Opinion: Canadian universities and companies must proactively assess risks of collaboration with China

Guest Contributor
April 21, 2021

Canada has a rich history of collaboration with China. Over many decades, we helped to develop their agricultural products, medical techniques, and advanced technologies across many sectors. This collaboration was welcomed by successive Canadian governments which saw opportunities for helping China to build its R&D capacity while opening up access to the Chinese market for Canadian companies. As a member of the Canada-China Joint Committee on Science and Technology, I worked for seven years with others to pave the way for this collaboration.

But as Minister of Innovation, Science and Industry François-Philippe Champagne has said, “the China of 2021 is not the China of 2016.” Beijing has shown malign intent towards Canada and Canadians. This has come as a shock, and as we look more closely at China’s investments in and with Canadian universities and companies, some of it is clearly problematic.

For example, over the past five years, Canadian technology company joint ventures with Chinese partners have seen our technology absorbed into that of the Chinese company, with the Canadian firm left as a minor partner, or frozen out altogether.
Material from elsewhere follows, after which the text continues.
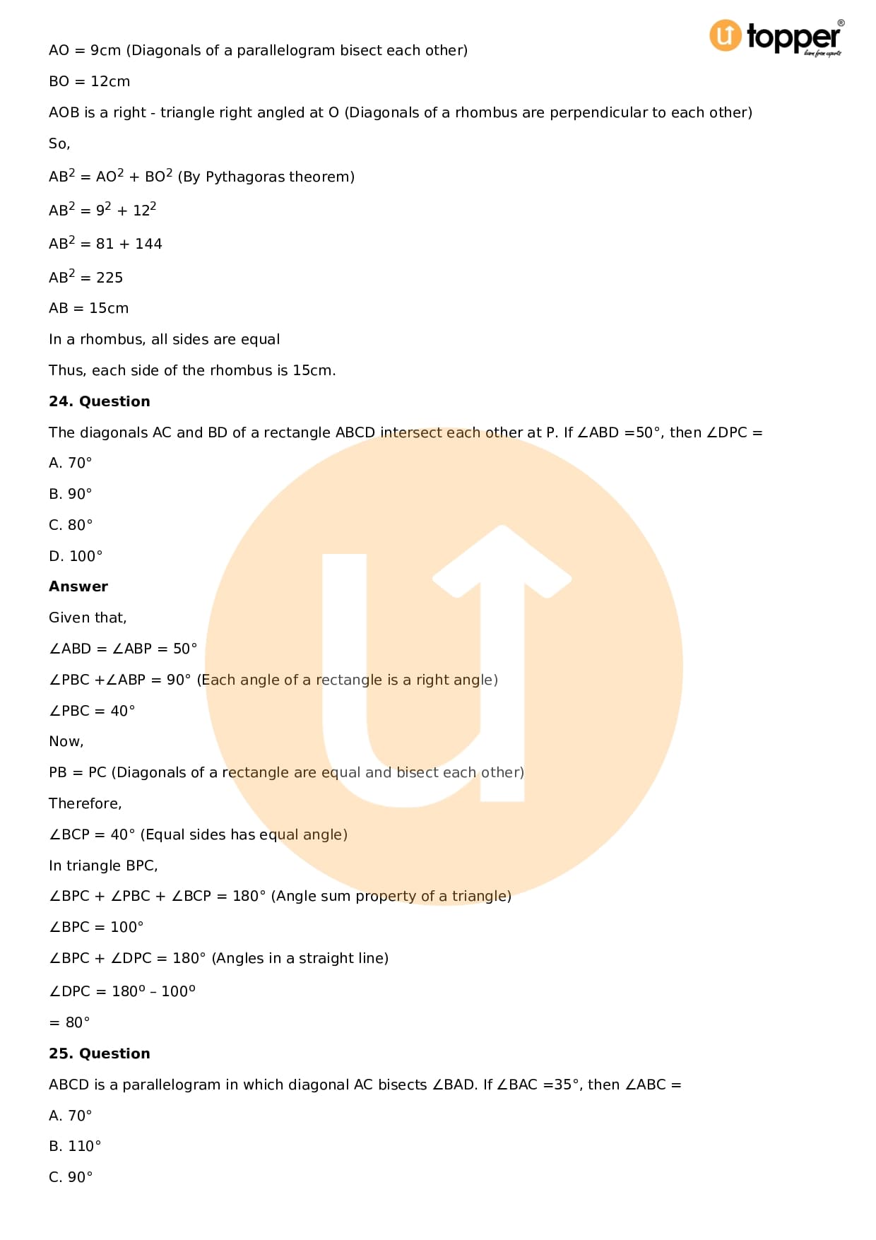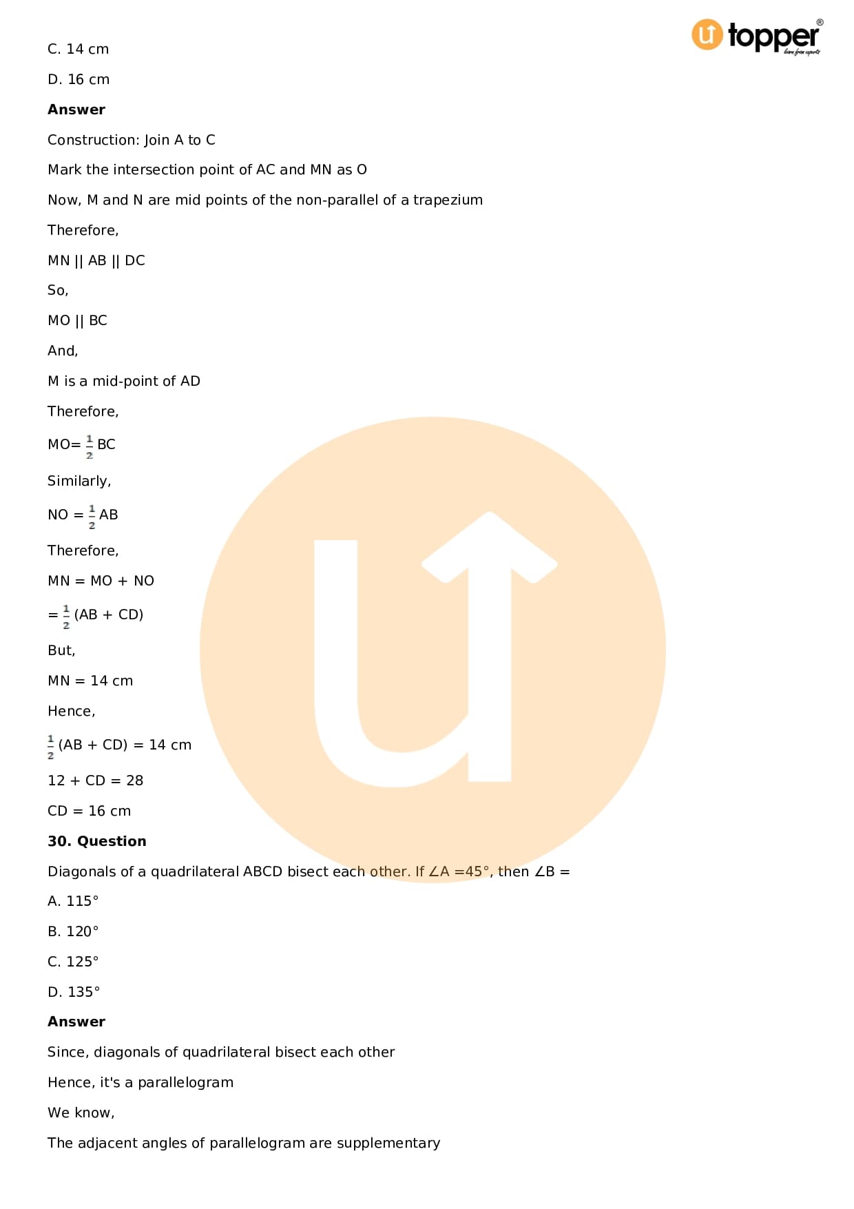 Download the latest version of RD Sharma Solutions for Class 9 Maths Chapter 15 Areas of Parallelograms and Triangles PDF at Utopper. It provides step by step Solution PDF. You can download RD Sharma Maths Solutions with a free PDF download option, which includes chapter wise solutions. All the questions in RD Sharma Solutions have been solved and explained by expert mathematics teachers as per the CBSE Board guidelines. By studying these Maths Solutions, you can easily get good marks in the CBSE board exams.

Tactics include forced technology transfer as well as mergers and acquisitions in other countries to turn foreign technology into Chinese technology to meet the objectives of China’s Indigenous Innovation Policy and the new Dual Circulation Policy. This is a particular risk for the young companies that come out of our Canadian universities.

Protection of Canadian data is also an issue in partnering with China, as Chinese companies and research organizations are amassing the world’s largest databases from data gathered in research collaborations all over the world, often using complex Chinese equipment.  Canadian data protection does not apply in a Chinese context. This is of particular concern regarding the personal data of Canadians.

Another area of concern is IT infrastructure. As an example, the University of Waterloo’s Graham Cluster uses Huawei equipment to service their research activity as part of Compute Canada’s national High Performance Computing network. As equipment is upgraded, the increased risk of more advanced Huawei hardware in Canadian research networks must be assessed, especially since the vendor necessarily has access through backdoors to make regular fixes and updates.

This is in addition to the hundreds of millions direct investment being made by Huawei in Canadian university research across the country, often without sufficient recognition of the Canadian researchers who produced the intellectual property. NSERC continues to contribute taxpayer funding to projects benefitting Huawei. While its decisions are peer-reviewed, one would have hoped that researchers and the granting council would by now have realized that, given the security questions around the company and its involvement in China’s surveillance state, this is not the time to be funding Huawei’s research program.

Furthermore, the Canadian Security Intelligence Service (CSIS) has flagged a concern about the IT infrastructure being used extensively for online courses — the Alibaba online platform for Zoom being used by Chinese students taking courses at Canadian universities. CSIS has warned that the system could be used for surveillance or monitoring, with Chinese firms required to do so under China’s 2017 National Intelligence Law.

Another recent trend with Chinese investment is the effort being made in some universities to keep these investments under the radar given the current controversy surrounding Chinese companies and investors contributing to foreign institutions. One can see that a large donation from a Chinese company or executive would be an attractive offer — Canadian universities are notoriously low on funds, an issue of which the Chinese are very aware. This obscuring of funding is happening in the tens of millions of dollars in Canada, and is concerning given that universities’ finances are generally assumed to be transparent.

Over the past five years, the Government of Canada has been developing its own awareness and intelligence on these issues. It has increased the briefings available to university administrators and researchers. Last month, the Government issued advisory guidelines for companies and researchers to help them assess risk. But professors must, in turn, be prepared to take action themselves which may mean not entering into collaborations which carry too much risk.

It is an accepted principle that researchers have academic freedom to partner with whomever they wish. But researchers are people, too. They can see the developing pattern of China’s partnerships and assess whether they want to contribute to that pattern in exchange for short-term research benefit to themselves. Similarly, Canadian universities must ensure transparency in the Chinese investments and donations they are receiving. If they are taking steps to obscure the source and size of donations, that is the moment to step back and decline the funding.

These are disappointing developments for those of us who have spent decades helping China to develop its S&T capacity, but we must see China’s behaviour as it really is, not as we wish it were.

Margaret McCuaig-Johnston is Senior Fellow at the Institute for Science, Society and Policy at the  University of Ottawa, and former Executive Vice-President of the Natural Sciences and Engineering Research Council of Canada.